Nothing in the logs said "you're not using proxies." The Actor ran, Playwright launched, pages timed out. If I hadn't compared against my working production Actor, I might have blamed Lu.ma's anti-bot detection for hours. Log your proxy status at startup. A single log.info() confirming proxy configuration would have saved me a full debugging session.

Problem 2: Chromium eats all your memory, then your later pages fail.

After fixing proxies, I saw a new pattern. The first 3-4 Lu.ma pages scraped fine. Pages 5-8 timed out every single time. Same URLs, same order, every run.

The logs had the answer:

Memory is critically overloaded. Using 1004 MB of 977 MB (103%)

The Apify Playwright Docker image (apify/actor-node-playwright-chrome:22) bundles Node.js + Playwright + Chromium. That base layer alone uses ~600-700 MB. In a 1 GB container (977 MB usable), you have almost no headroom.
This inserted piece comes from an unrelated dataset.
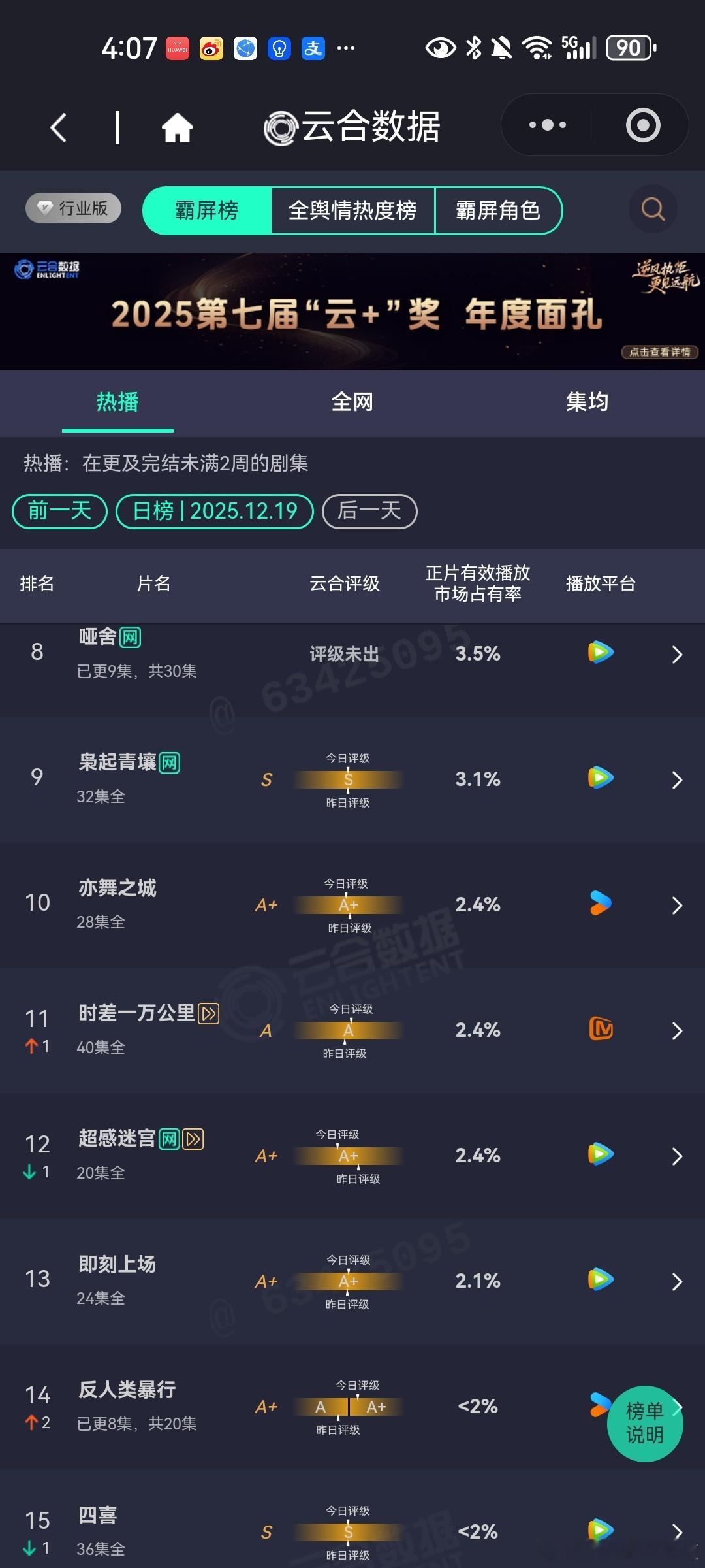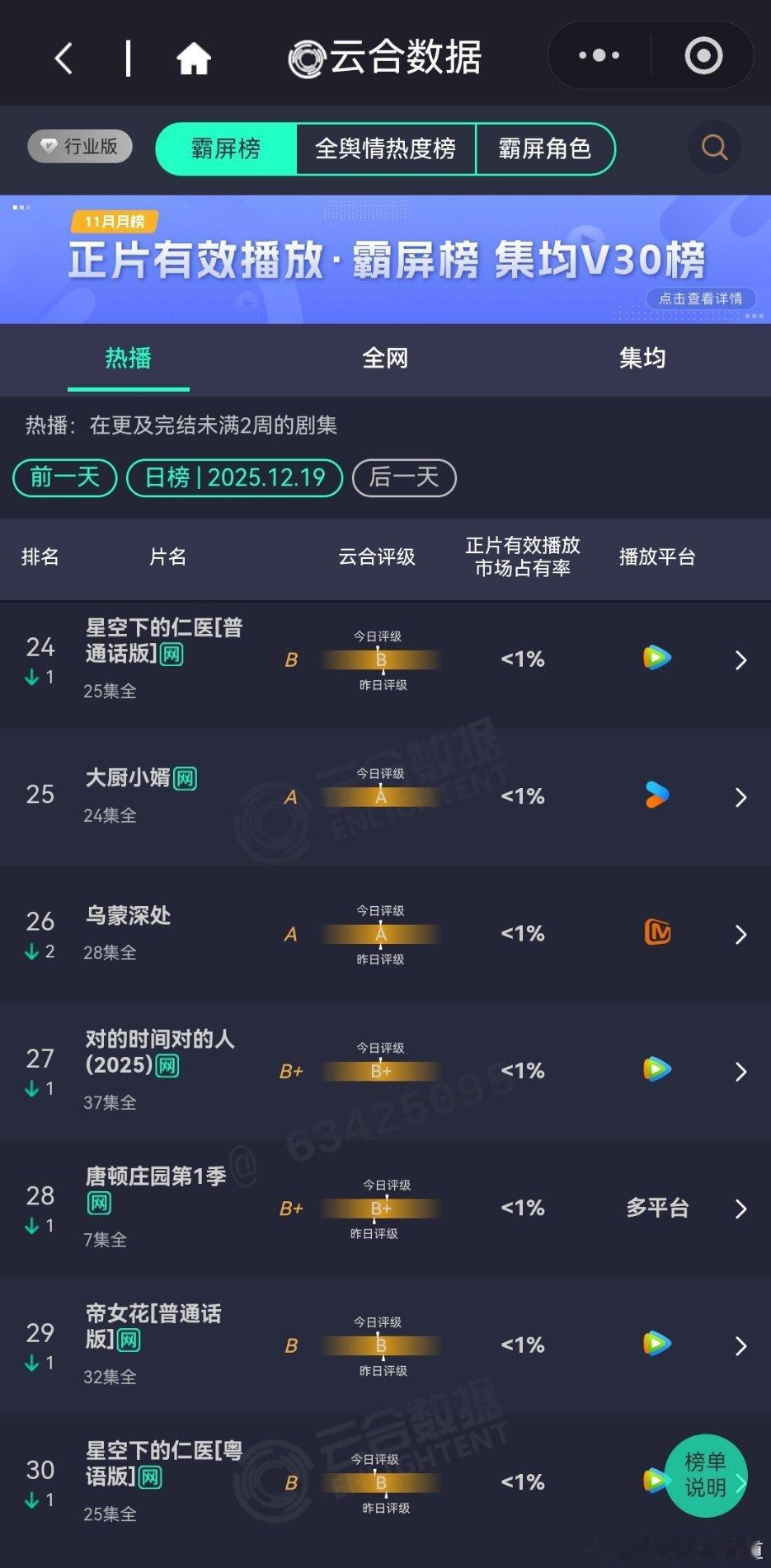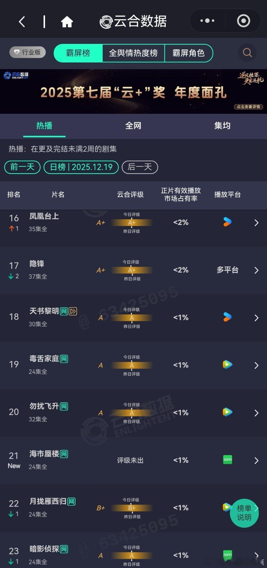 12月19日云合播放占比云合 老舅云合21%评级S+,牛啊,昨天听到一个解说把男主称作二胖,听了半天才知道说的就是老舅这部剧。长安二十四计13.3%真好,评级略有上升,七连涨了。狙击蝴蝶10.7%双轨9%起不来了。风与潮7.6%排播很坑,不过长尾可能会不错的。哑舍3.5%横盘得好快。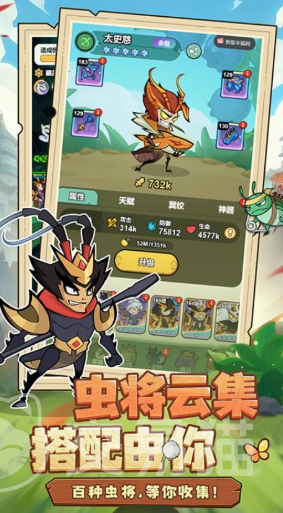 虽以放置为核心机制,但策略深度不容忽视。核心玩法围绕昆虫化武将(虫将)的阵容构建展开,涵盖兵种相克逻辑、前中后排布阵逻辑及羁绊系统联动。开局即赠三大特色角色:铁甲蟋蟀张飞(高生存,前排承伤)、赤焰螳螂关羽(均衡输出,开荒主力)、幻影蝶诸葛亮(技能协同型,适配战术流)。合理配置站位、激活羁绊加成、组合连携技,平民玩家亦能凭借思路打出高爆发表现。多种成型流派可供探索,逐步打磨专属作战体系。

Crawlee with maxConcurrency: 1 reuses the same browser instance across requests. It opens a tab, navigates, scrapes, closes the tab. But Chromium doesn't fully release memory when a tab closes. Compiled JavaScript, decoded image buffers, V8 heap fragments all accumulate. After 3-4 pages, the container hits its ceiling. Every page load after that stalls until the timeout fires.

The failing URLs weren't special. If I randomized the order, different URLs failed. It was always whichever pages came after memory hit 100%.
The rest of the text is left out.